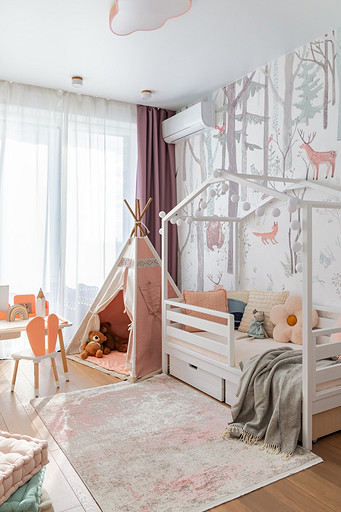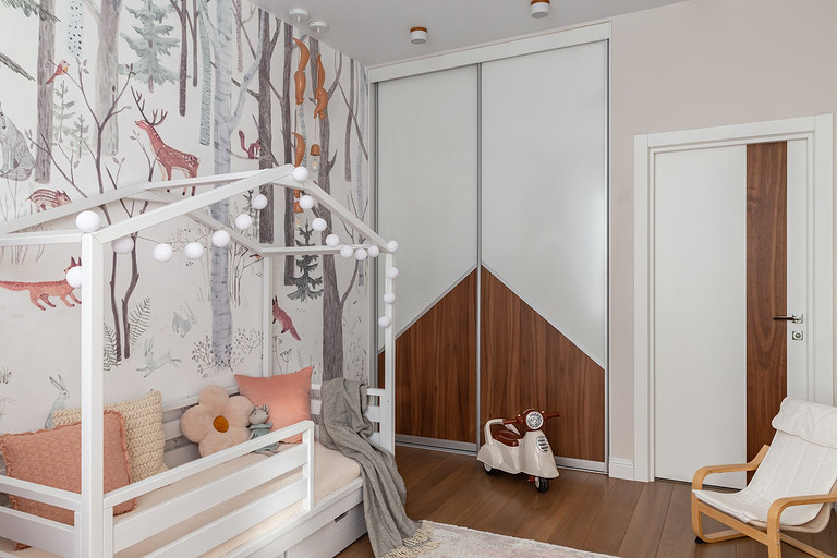 - Стены и пол: керамогранит Porcelanosa, Dune, Lantic Colonial, инженерная доска Goodwin, обои в детской Factura
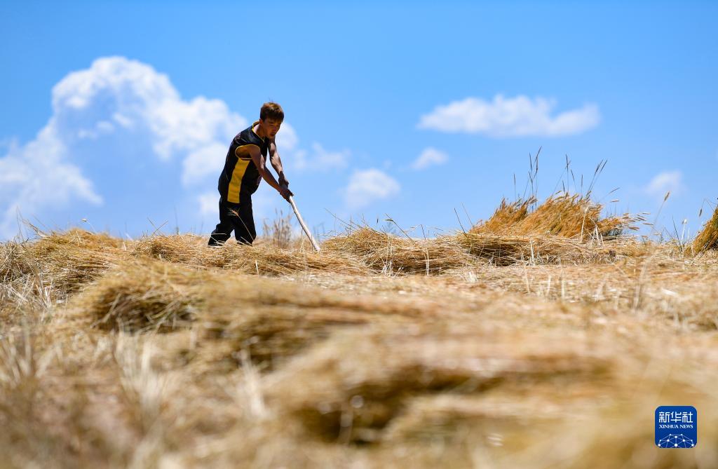 7月3日,寧夏固原市原州區(qū)炭山鄉(xiāng)炭山村村民在整理麥稈。新華社記者 馮開華 攝
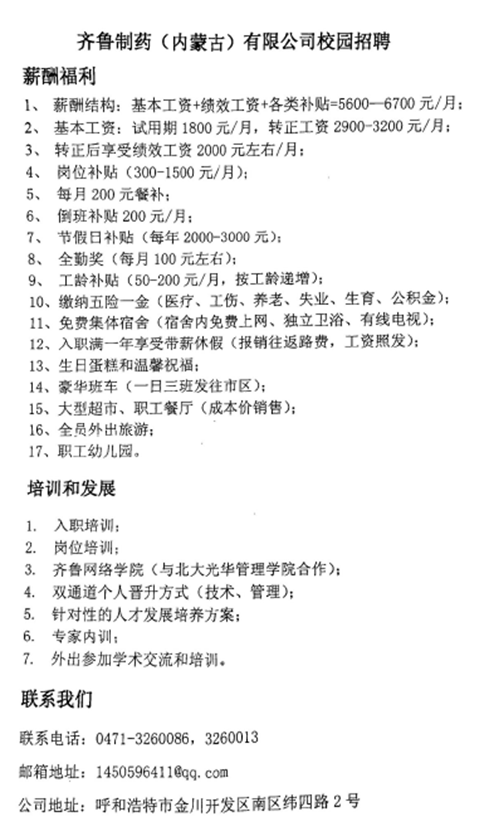 齐鲁制药(内蒙古)有限公司始建于2009年,是中国大型现代化生物制药企业。公司地处蒙元文化发祥地——呼和浩特市,为国家科技兴贸创新基地(生物)内蒙古呼和浩特经济技术开发区金川工业园区核心企业。
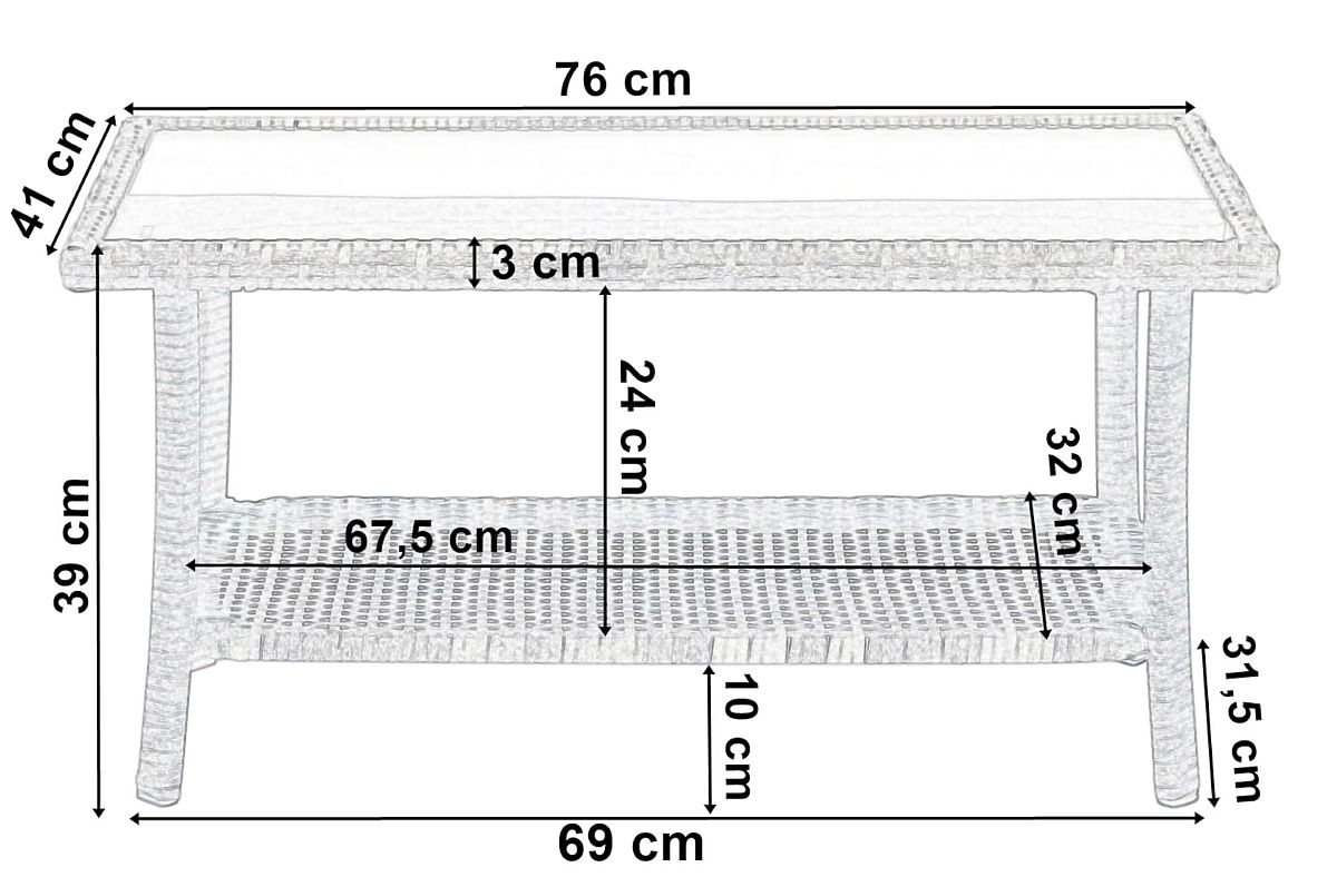 Asztallap mérete: 41 x 76 cm
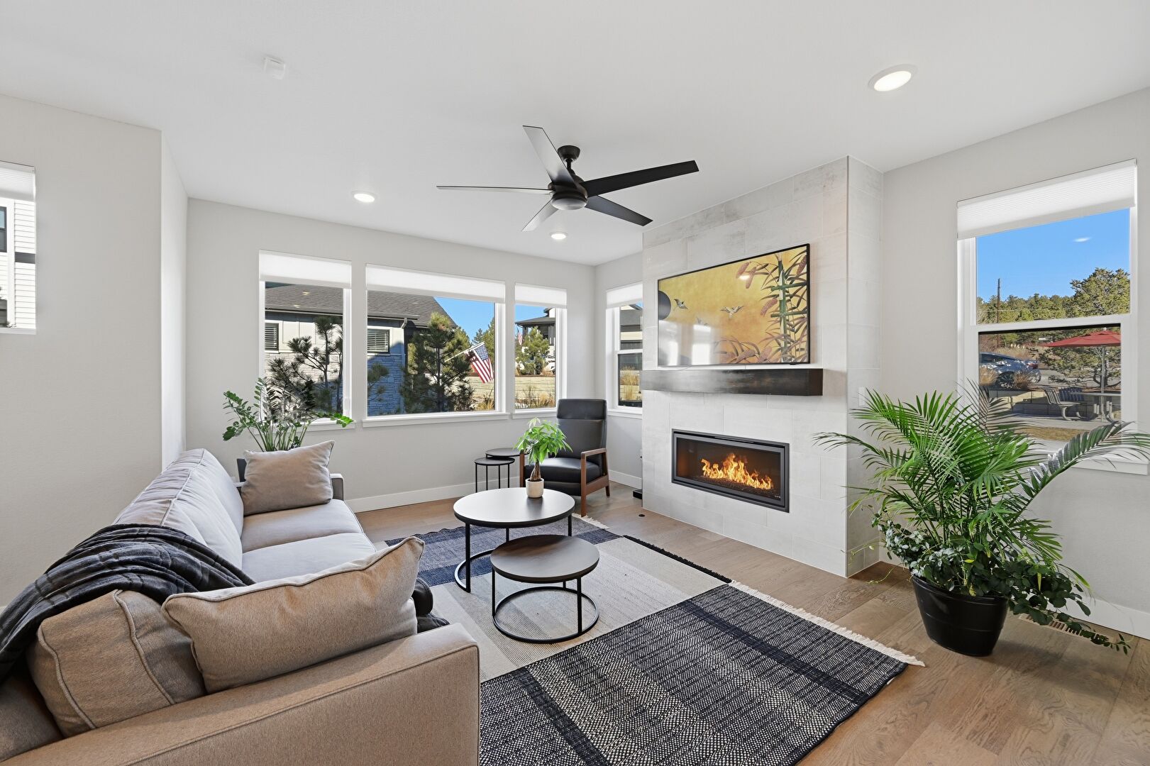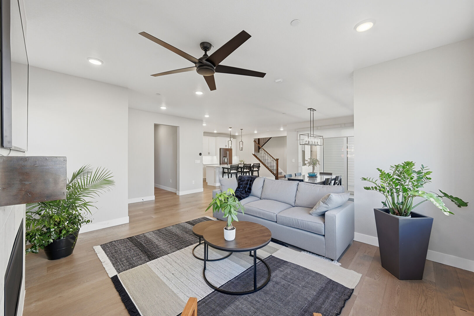 Baseboards Wall, Carpet, Ceiling Fan, Drywall, Fireplace, Natural Light, Notable Chandelier, Recessed Lighting, Vent, Wood Finish Floor, Carpet, Ceiling Fan, Natural Light, Wood Finish Floor

__________________________________________________

Task prompt
Extract all the entries word for word; omit any pictures.

Response for this exercise
 - Стены и пол: керамогранит Porcelanosa, Dune, Lantic Colonial, инженерная доска Goodwin, обои в детской Factura
 7月3日,寧夏固原市原州區(qū)炭山鄉(xiāng)炭山村村民在整理麥稈。新華社記者 馮開華 攝
 齐鲁制药(内蒙古)有限公司始建于2009年,是中国大型现代化生物制药企业。公司地处蒙元文化发祥地——呼和浩特市,为国家科技兴贸创新基地(生物)内蒙古呼和浩特经济技术开发区金川工业园区核心企业。
 Asztallap mérete: 41 x 76 cm
 Baseboards Wall, Carpet, Ceiling Fan, Drywall, Fireplace, Natural Light, Notable Chandelier, Recessed Lighting, Vent, Wood Finish Floor, Carpet, Ceiling Fan, Natural Light, Wood Finish Floor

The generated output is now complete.